Ensure your virtual environment is active before running these commands.
## Cache Management
GXtract maintains an in-memory cache of GroundX metadata (projects and buckets) to improve performance and reduce API calls. While this cache is automatically populated during server startup and periodically refreshed, there are situations when you may need to manually refresh the cache.
### When to Manually Refresh the Cache
You should manually refresh the cache when:
1. You've recently created new projects or buckets in your GroundX account and want them to be immediately available in GXtract.
2. You see warnings in the server logs about cache population failures.
3. You're experiencing issues with project or bucket lookup when using GXtract tools.
### How to Refresh the Cache
#### Using VS Code's MCP Interface
If your VS Code version supports MCP chat interfaces:
1. Open VS Code's chat interface.
2. Use the `@GXtract` mention (or whatever name you assigned to the server in your settings).
3. Type a command to refresh the cache:
```
@GXtract Please refresh the GroundX metadata cache
```
4. The VS Code interface will use the appropriate cache refresh tool.
#### Using Direct JSON-RPC Requests
If you have access to the server through HTTP (when not using stdio transport), you can make direct requests:
```bash
curl -X POST http://127.0.0.1:8080/jsonrpc -H "Content-Type: application/json" -d '{
"jsonrpc": "2.0",
"method": "cache/refreshMetadataCache",
"params": {},
"id": "refresh-req-001"
}'
```
### Troubleshooting Common Cache Issues
#### Warning: "No projects (groups) found or 'groups' attribute missing in API response"
This warning indicates that:
- Your API key might not have access to any projects, or
- No projects have been created in your GroundX account yet, or
- There might be an issue with the GroundX API or connectivity.
**Solution**:
1. Verify you have correctly set up your GroundX account with at least one project.
2. Check that your API key has proper permissions.
3. Try refreshing the cache manually after confirming your account setup.

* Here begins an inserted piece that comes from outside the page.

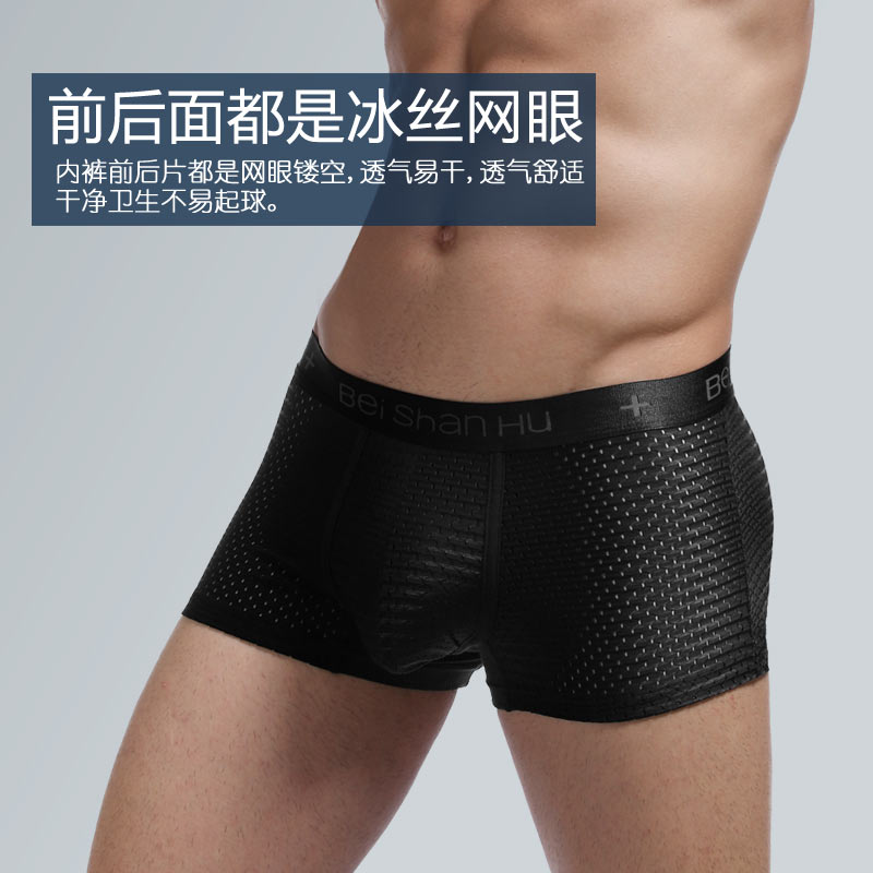夏季3条盒装男士内裤网眼性感冰丝平角裤超薄透气镂空大码四角

#### Warning: "GroundX metadata cache population failed. Check logs for details"
This warning appears during server startup if the initial cache population failed.
**Solution**:
1. Check the full server logs for more details about the error.

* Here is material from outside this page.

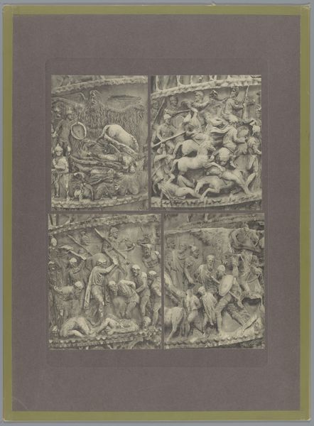 Editor: Here we have “Sheet with Scenes of Peasant Life in Seven Rows,” made sometime between 1783 and 1815. It’s in the Rijksmuseum, and it appears to be a drawing or print, maybe even a textile… It's a rather curious grid of what look like golden figures on a grey field. It almost resembles a sampler or something similar… so intricate! What catches your eye in this piece? Curator: It feels almost like a secret language, doesn't it? Like peering into someone’s memory of a bustling village life. Those golden figures, somewhat romanticized I'd argue, become miniature actors playing out a quiet drama. Consider it: a moment of intimacy and domesticity right next to what seems like public pronouncements and displays of status! What I find particularly interesting is that each little scene doesn’t scream for your attention. They murmur. Did you notice the bottom row, how it's mostly equestrian figures and scenes of travel? It makes me wonder about the artist's own longing for escape, a world beyond those little dramas they were depicting in the rows above. Do you feel that contrast? Editor: I hadn't really considered the idea of "escape", but now I see it. Especially contrasted with the domestic scenes, it really does have that tension between settling in and moving on! Curator: Precisely! And that tension gives the piece its subtle dynamism. Even within those rigid rows, life’s little dramas unfold, capturing both the comfort and the yearning that make us human. Perhaps it's a testament to our simultaneous desire for rootedness and freedom. A visual poem, if you will. Editor: It’s like a little world captured on paper. I think I get what you mean by the 'quiet drama', there's such a complexity in these seemingly simple vignettes. Thank you. Curator: And thank you. Sometimes, art invites us not just to see, but to feel – and perhaps, to remember parts of ourselves we thought we had forgotten.

2. Verify your API key is correctly set in the environment.
3. Check your internet connection and GroundX API availability.
4. Try using the `cache/refreshMetadataCache` tool to manually populate the cache.
### Checking Cache Status
You can check the current status of the cache with:
```json
{
"jsonrpc": "2.0",
"method": "cache/getCacheStatistics",
"params": {},
"id": "stats-req-001"
}
```
Or list the currently cached resources:
```json
{
"jsonrpc": "2.0",
"method": "cache/listCachedResources",
"params": {},
"id": "list-req-001"
}
```
## Dependency Management
GXtract uses [uv](https://github.com/astral-sh/uv) for dependency management. Dependencies are specified in `pyproject.toml` and locked in `uv.lock` to ensure reproducible installations.
### Working with Dependencies
- **Installing dependencies**: Run `uv sync` to install all dependencies according to the lockfile.
- **Adding a new dependency**: Add the dependency to `pyproject.toml` and run `uv pip compile pyproject.toml -o uv.lock` to update the lockfile.
- **Updating dependencies**: After manually changing versions in `pyproject.toml`, run `uv pip compile pyproject.toml -o uv.lock --upgrade` to update the lockfile with newest compatible versions.
### The uv.lock File
The `uv.lock` file is committed to the repository to ensure that everyone working on the project uses exactly the same dependency versions. This prevents "works on my machine" problems and ensures consistent behavior across development environments and CI/CD pipelines.
When making changes to dependencies, always commit both the updated `pyproject.toml` and the `uv.lock` file.
## Versioning
This project adheres to [Semantic Versioning (SemVer 2.0.0)](https://semver.org/spec/v2.0.0.html).
## License
This project is licensed under the GNU General Public License v3.0 - see the [LICENSE.md](LICENSE.md) file for details.